I am trying to find and solve the geodesics equation for polar coordinates. If I start by the definition of Christoffel symbols with the following expressions :(adsbygoogle = window.adsbygoogle || []).push({});

$$de_{i}=w_{i}^{j}\,de_{j}=\Gamma_{ik}^{j}du^{k}\,de_{j}$$

with $$u^{k}$$ is the k-th component of polar coordinates ($$1$$ is for $$r$$ and $$2$$ is for $$\theta$$).

Now, if I take :

$$de_{r} = d\theta e_{\theta}$$

$$de_{\theta} = -d\theta e_{r}$$

So : $$\Gamma_{12}^{2} = 1$$ and $$\Gamma_{22}^{1} = -1$$

All others Christoffel symbols seem to be zero.

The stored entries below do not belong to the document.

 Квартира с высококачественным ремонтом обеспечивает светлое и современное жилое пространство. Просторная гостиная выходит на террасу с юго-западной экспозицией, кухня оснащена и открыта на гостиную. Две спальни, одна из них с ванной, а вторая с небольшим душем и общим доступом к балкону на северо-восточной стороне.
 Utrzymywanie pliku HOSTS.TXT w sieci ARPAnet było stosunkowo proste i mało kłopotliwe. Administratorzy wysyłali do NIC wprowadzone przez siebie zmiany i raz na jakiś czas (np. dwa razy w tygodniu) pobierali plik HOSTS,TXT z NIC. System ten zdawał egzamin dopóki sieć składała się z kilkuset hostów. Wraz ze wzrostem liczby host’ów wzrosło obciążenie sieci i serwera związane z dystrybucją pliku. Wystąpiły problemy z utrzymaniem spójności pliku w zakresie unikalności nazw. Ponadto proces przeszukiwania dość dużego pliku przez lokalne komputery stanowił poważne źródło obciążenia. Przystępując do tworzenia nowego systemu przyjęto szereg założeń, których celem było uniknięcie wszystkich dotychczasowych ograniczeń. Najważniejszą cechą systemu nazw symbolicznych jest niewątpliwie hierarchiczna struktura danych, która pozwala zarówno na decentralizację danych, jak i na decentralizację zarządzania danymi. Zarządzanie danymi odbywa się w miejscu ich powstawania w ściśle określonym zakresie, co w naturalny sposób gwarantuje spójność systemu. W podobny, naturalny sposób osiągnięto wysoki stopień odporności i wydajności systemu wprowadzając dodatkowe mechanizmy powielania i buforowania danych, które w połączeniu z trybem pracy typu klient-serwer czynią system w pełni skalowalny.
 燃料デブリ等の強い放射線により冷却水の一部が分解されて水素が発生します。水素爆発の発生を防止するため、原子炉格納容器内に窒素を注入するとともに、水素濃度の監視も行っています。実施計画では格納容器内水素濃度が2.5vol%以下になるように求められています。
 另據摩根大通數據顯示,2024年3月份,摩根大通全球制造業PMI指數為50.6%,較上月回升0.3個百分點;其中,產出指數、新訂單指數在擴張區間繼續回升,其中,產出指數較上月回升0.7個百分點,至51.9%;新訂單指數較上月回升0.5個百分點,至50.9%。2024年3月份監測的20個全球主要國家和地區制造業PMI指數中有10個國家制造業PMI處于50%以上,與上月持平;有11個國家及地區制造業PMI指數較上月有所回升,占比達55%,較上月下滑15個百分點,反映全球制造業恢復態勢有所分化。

Now, I can write the geodesics equation with :

$$\dfrac{d^{2}u^{i}}{ds^{2}} + \Gamma_{jk}^{i}\dfrac{du^{j}}{ds}\dfrac{du^{k}}{ds}$$

I get :

$$\dfrac{d^{2}r}{ds^{2}} = \dfrac{d\theta}{ds}\dfrac{d\theta}{ds}\,\,\,(1)$$

$$\dfrac{d^{2}\theta}{ds^{2}} = -\dfrac{dr}{ds}\dfrac{d\theta}{ds}\,\,\,(2)$$

By make appearing the logarithmic derivate : $$\dfrac{d\,ln(u)}{ds}=\dfrac{u'}{u}$$, I have :

for (2) : $$\dfrac{\theta'}{\theta} = - \dfrac{dr}{ds} ; \dfrac{d\theta}{ds} = e^{-r}$$

Finally, I have for (2): $$\theta(s)=s\,e^{-r}$$

for (1), taking $$\theta(s)=s\,e^{-r}$$, I have :

$$\dfrac{d^{2}r}{ds^{2}} = \bigg(\dfrac{d\theta}{ds}\bigg)^{2} = e^{-2r}$$

Finally, we get for (1) : $$r(s)=\dfrac{s^{2}}{2}e^{-2r} = \dfrac{1}{2}\theta^{2}$$

By using results from (1) and (2), I could write :

$$r=\theta^{2}/2$$

I don't understand this result knowing $$s$$ may be choose as a linear or curvilinear parameter (like the length on the geodesics).

If I set $$r$$ fixed, I expect to find $$s=r\theta$$. It doesn't seem clear for me. What should I find as final result ?

Surely I have done a mistake in my above calculus.

If someone could see what's wrong, this would be great.

Thanks in advance.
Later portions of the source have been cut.